‘It is difficult to believe that the jury on the evidence could have brought in a verdict of guilty.’—Daily News.
‘The evidence being purely circumstantial, as well as flimsy.’—Academy.
[N.B.—Several of the above reviewers were friendly to the book on other points.]
‘In Scotland the verdict would certainly have been “Not Proven.”’—Glasgow Herald.
‘Though the evidence is purely circumstantial, it seems at first sight so strong that no magistrate could fail to commit.’—Saturday Review.
‘The evidence of guilt is very strong.’—Monmouthshire Beacon.
‘Certainly the evidence, purely circumstantial, is very strong.’—Publisher’s Circular.
‘A case of circumstantial evidence which all seemed to point one way, and to fix a horrible crime upon a young girl.’—Weekly Sun.
‘The evidence against her is damning, though purely circumstantial.’—Literary World.

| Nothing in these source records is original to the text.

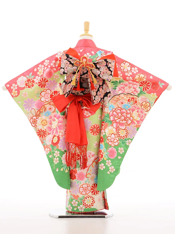 753レンタル(7歳女結び帯)7133 ピンクグリーンラメ
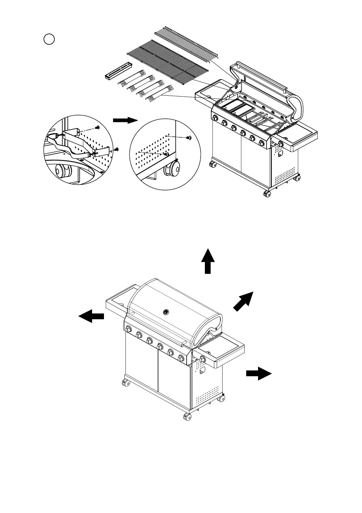 CAUTION: The grill radiates heat. Never pace the grill next to gass windows, walls, pants, etc. The grill
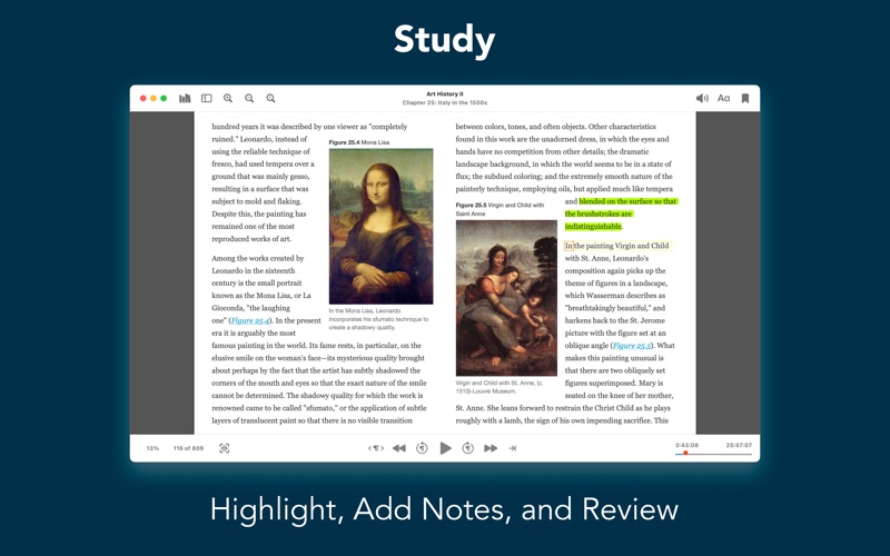 - Bookmark, highlight and take notes.
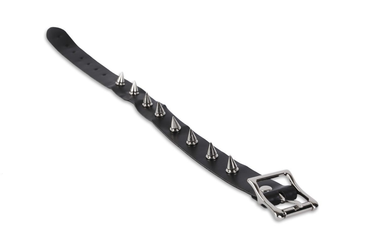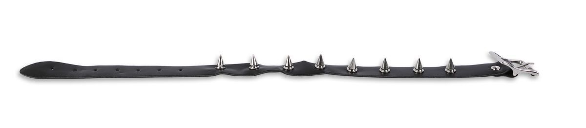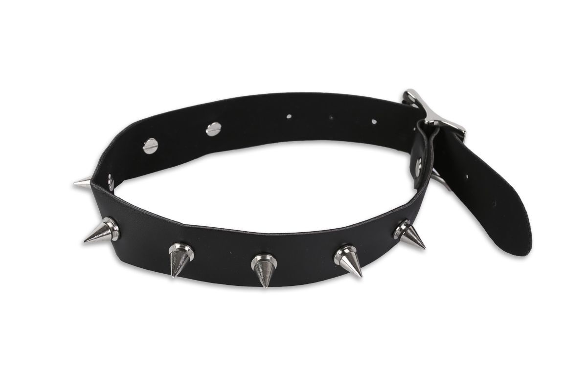 Сочетание блестящей кожи и сверкающего металла так заводит! Подарите себе и своему партнеру незабываемую игру БДСМ. Используйте незаменимый для этого атрибут – ошейник! Узкий аксессуар, выполненный из качественного кожзаменителя, понравится любителям брутальных образов. Ошейник украшен длинными и короткими шипами, расположенными попеременно по всей длине. Размер ошейника регулируется пряжкой. Максимальный обхват - 43 см. Ширина - 2,5 см.
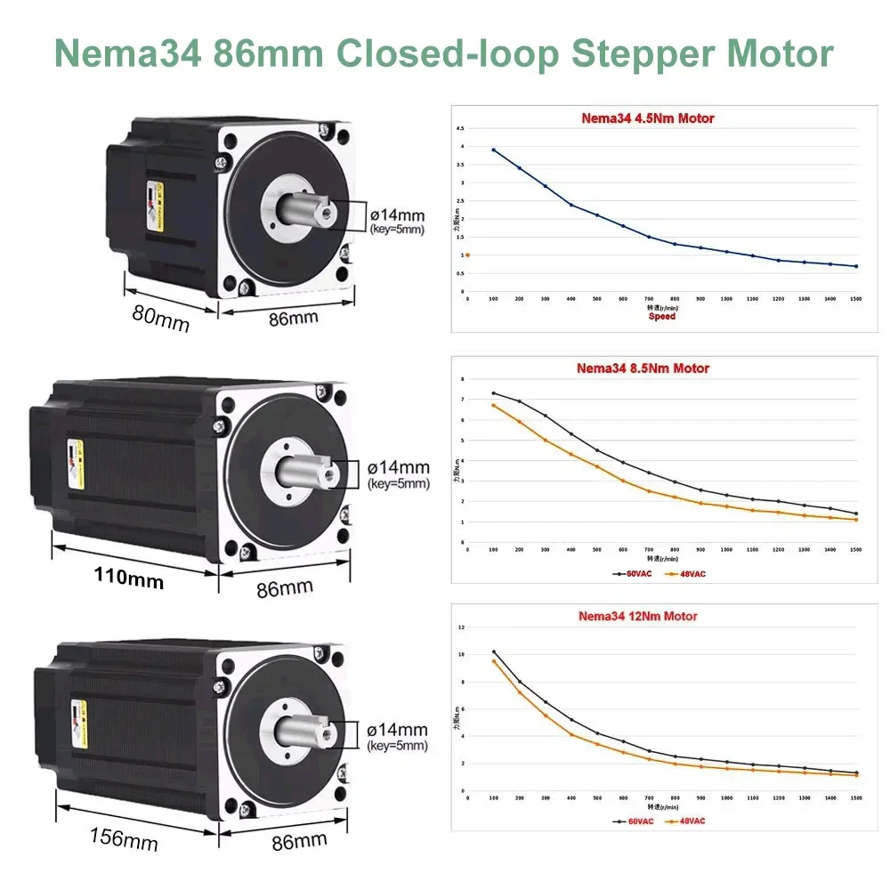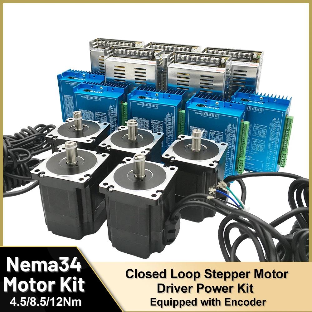 Powerful Nema34 Closed Loop Stepper Motor Kit with driver, encoder, and 400W power supply for precision motion control in CNC routers, milling machines, and industrial automation systems.
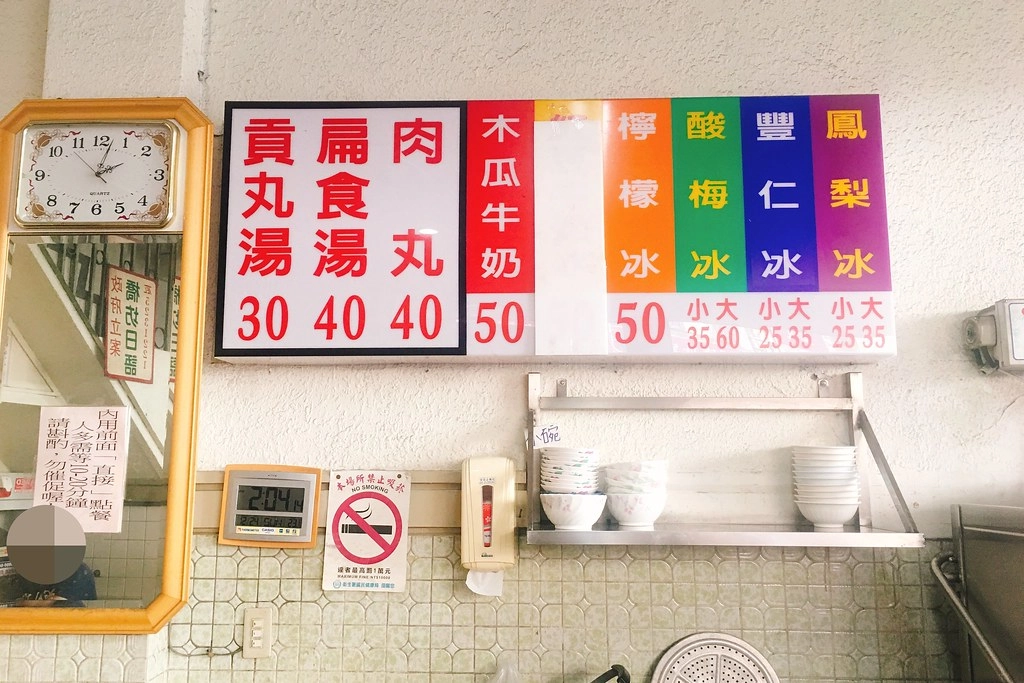 新金樹鳳梨冰店裡賣的東西很簡單,就是肉丸、扁食湯、貢丸湯,冷飲則有鳳梨冰、豐仁冰、酸梅冰和檸檬冰…
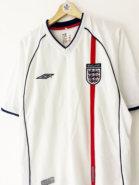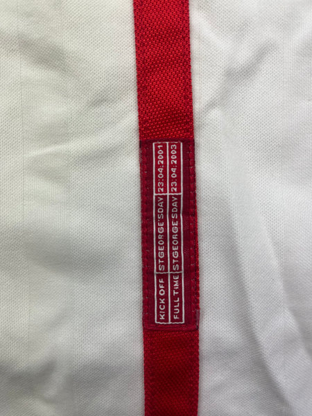 INFO – Home shirt as worn by England under new manager Sven-Goran Eriksson and most famously remembered in the incredible 5-1 win over Germany in Munich. Players in the squad included Beckham, Campbell, Owen, Gerrard, Scholes, Heskey
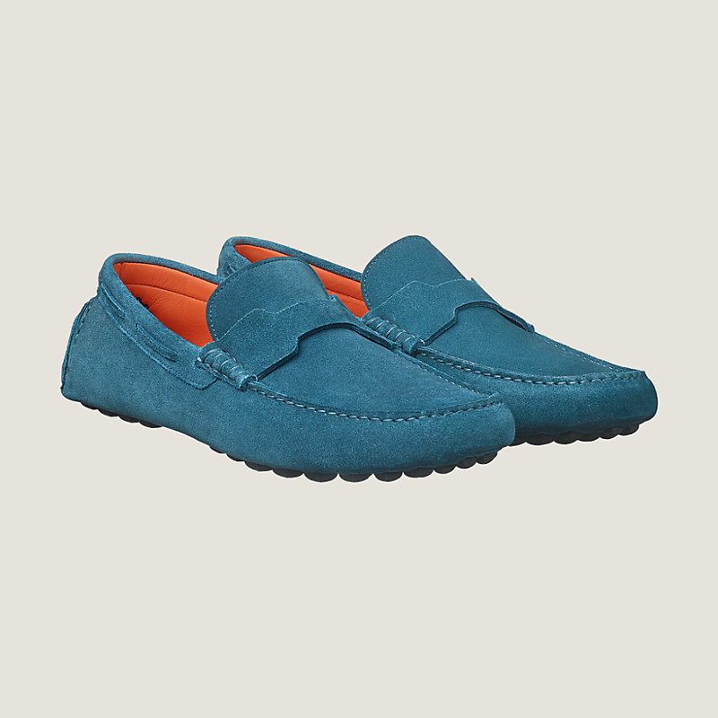 Hermes suede calfskin driving loafers, hand-sewn upper and rubber sole
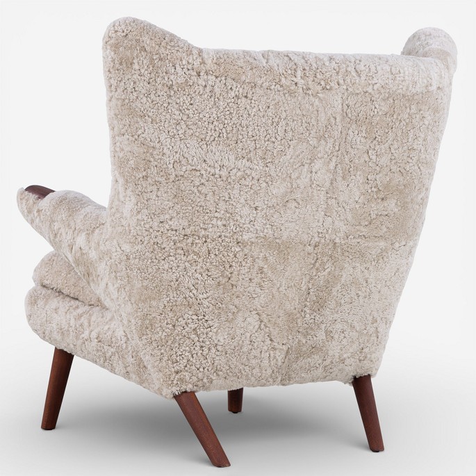 AP 19 - Nybetrukket Bamsestol i lammeskind (farve: Moonlight) m. skammel.
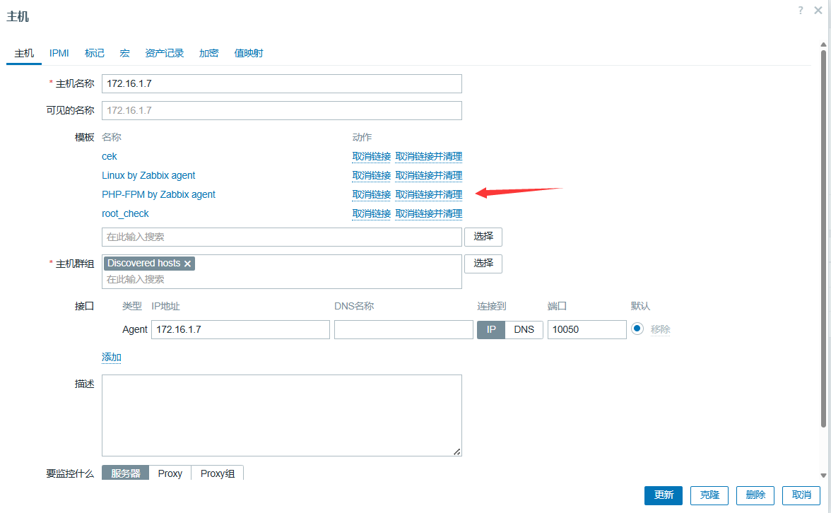 - 主机关联模板
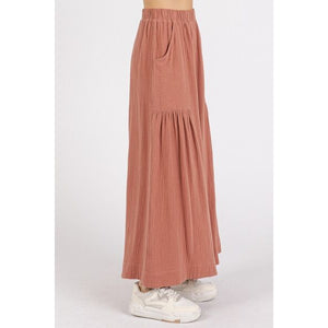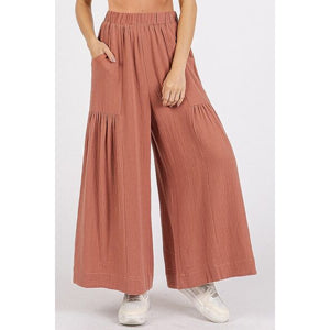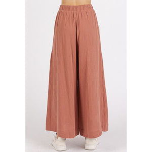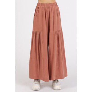 The Gauze Elastic Waist Pleated Wide Leg Pants are a breezy and stylish choice for warm weather. Made from lightweight gauze fabric, these pants are comfortable and airy. The pleated detailing adds texture and movement to the design. With an elastic waistband, they offer a comfortable and flexible fit. Pair them with a tank top and sandals for a relaxed and chic summer outfit.

These extracts, taken together, seem to me to throw a most interesting light upon the subject of trial by jury—the object of a sneer in one of the above quotations. When it is possible for a number of educated minds, engaged in highly intellectual pursuits, to take such opposite views of the same set of facts, it may surely be urged that, if miscarriages of justice occasionally take place, they are due, not so much to any defects in our judicial system, as to those native diversities of the human mind which no legislation can remove. A change is fast coming over our legal procedure in the direction of dispensing with juries, and leaving everything to the decision of a single trained lawyer. Whether this change is certain to ensure greater correctness of decision is, perhaps, more open to argument than is generally supposed.